_Source data:_
------------------------------------

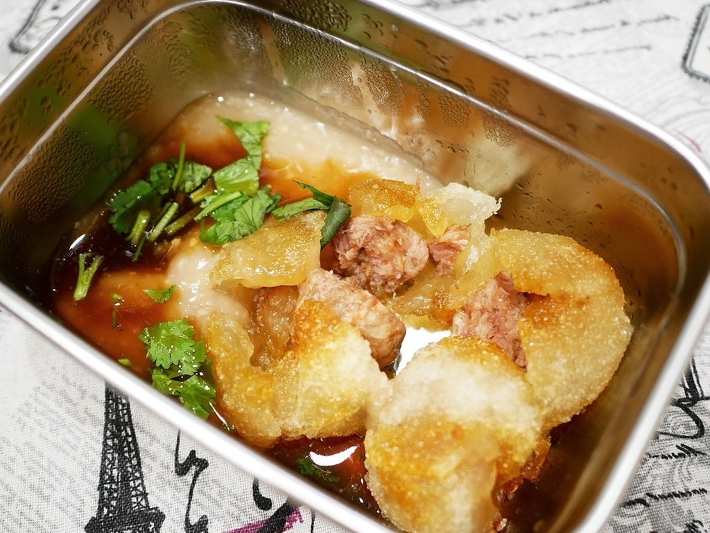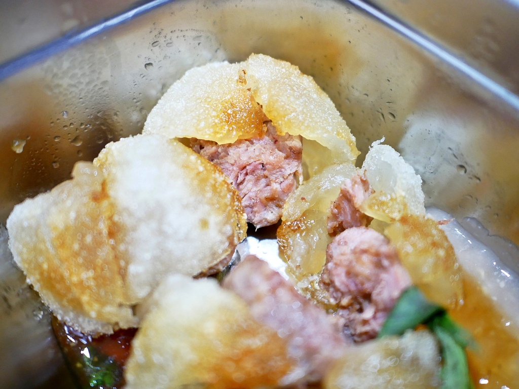 中間的肉餡調味還不錯,吃起來偏瘦卻不乾澀,連著酥脆肉圓皮一起品嘗超好吃。搭配上鹹甜不膩口的醬汁更添風味,我個人很喜歡。
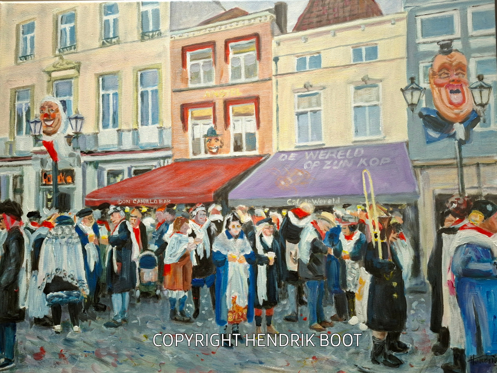 Schilderijen en aquarellen van Hendrik Boot van het carnaval in Bergen op Zoom, Vastenavend in Krabbegat. Jaarlijks gaat hij op “studiereis” langs de locaties van de leut en probeert die later in verf te vangen. Heeft u belangstelling? Kom kijken, stuur een mailtje of bel even.
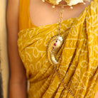 Elevate your ensemble with this exquisite body chain, featuring intricate paisley motifs embellished with shimmering cubic zirconia (CZ) stones. Meticulously crafted, the design gracefully drapes from the neckline, contours the torso, and secures comfortably around the waist with an adjustable chain. This versatile accessory seamlessly blends traditional artistry with contemporary elegance, making it an ideal choice for festive occasions, weddings, or adding a touch of sophistication to any attire.
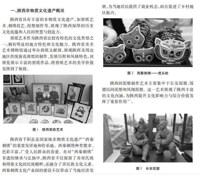 文创产品是从文化、创意、产品层面展开的文化宣传。陕西省为提高文化影响力和可持续发展能 力,十分重视非遗旅游文创产品设计工作。本文从陕西非物质文化遗产概况、意义、方法等方面展开分析,以期 为陕西文化创意工作提供参考。
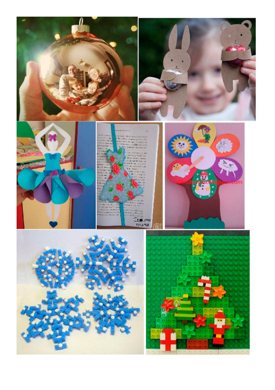 Нарядить елку и устроить семейную фотосессию на автоспуске - очень весело!!! Затем идут - упаковки для конфеток, игрушка на елку в виде балерины, закладка для книги, часы для указания погоды, игрушки из Лего на елку и не только, картина из полос разной текстуры и цвета, елочки из конуса и ниток.
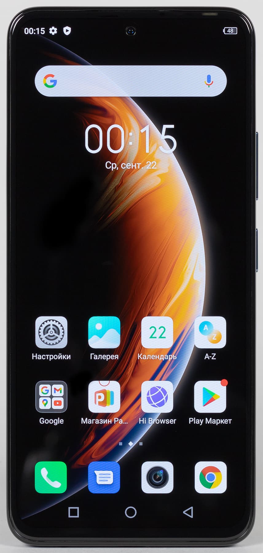 Фронтальная камера установлена за круглым вырезом в матрице дисплея. К сожалению, он расположен прямо по центру, а не убран в угол. Светодиодного индикатора событий нет.
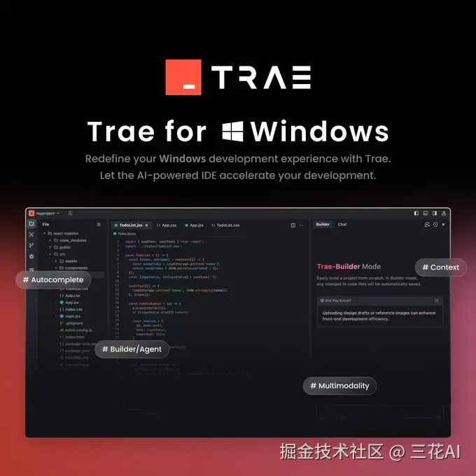 字节跳动推出的Trae AI 编辑器[4]现已正式上线 Windows 平台!

------------------------------------

_WORK INSTRUCTION:_ Print, please, exactly the lines from the one holding "Elevate your ensemble" through the final line of the data, both included, while leaving out each picture.

_EXPECTED OUTPUT:_
 Elevate your ensemble with this exquisite body chain, featuring intricate paisley motifs embellished with shimmering cubic zirconia (CZ) stones. Meticulously crafted, the design gracefully drapes from the neckline, contours the torso, and secures comfortably around the waist with an adjustable chain. This versatile accessory seamlessly blends traditional artistry with contemporary elegance, making it an ideal choice for festive occasions, weddings, or adding a touch of sophistication to any attire.
 文创产品是从文化、创意、产品层面展开的文化宣传。陕西省为提高文化影响力和可持续发展能 力,十分重视非遗旅游文创产品设计工作。本文从陕西非物质文化遗产概况、意义、方法等方面展开分析,以期 为陕西文化创意工作提供参考。
 Нарядить елку и устроить семейную фотосессию на автоспуске - очень весело!!! Затем идут - упаковки для конфеток, игрушка на елку в виде балерины, закладка для книги, часы для указания погоды, игрушки из Лего на елку и не только, картина из полос разной текстуры и цвета, елочки из конуса и ниток.
 Фронтальная камера установлена за круглым вырезом в матрице дисплея. К сожалению, он расположен прямо по центру, а не убран в угол. Светодиодного индикатора событий нет.
 字节跳动推出的Trae AI 编辑器[4]现已正式上线 Windows 平台!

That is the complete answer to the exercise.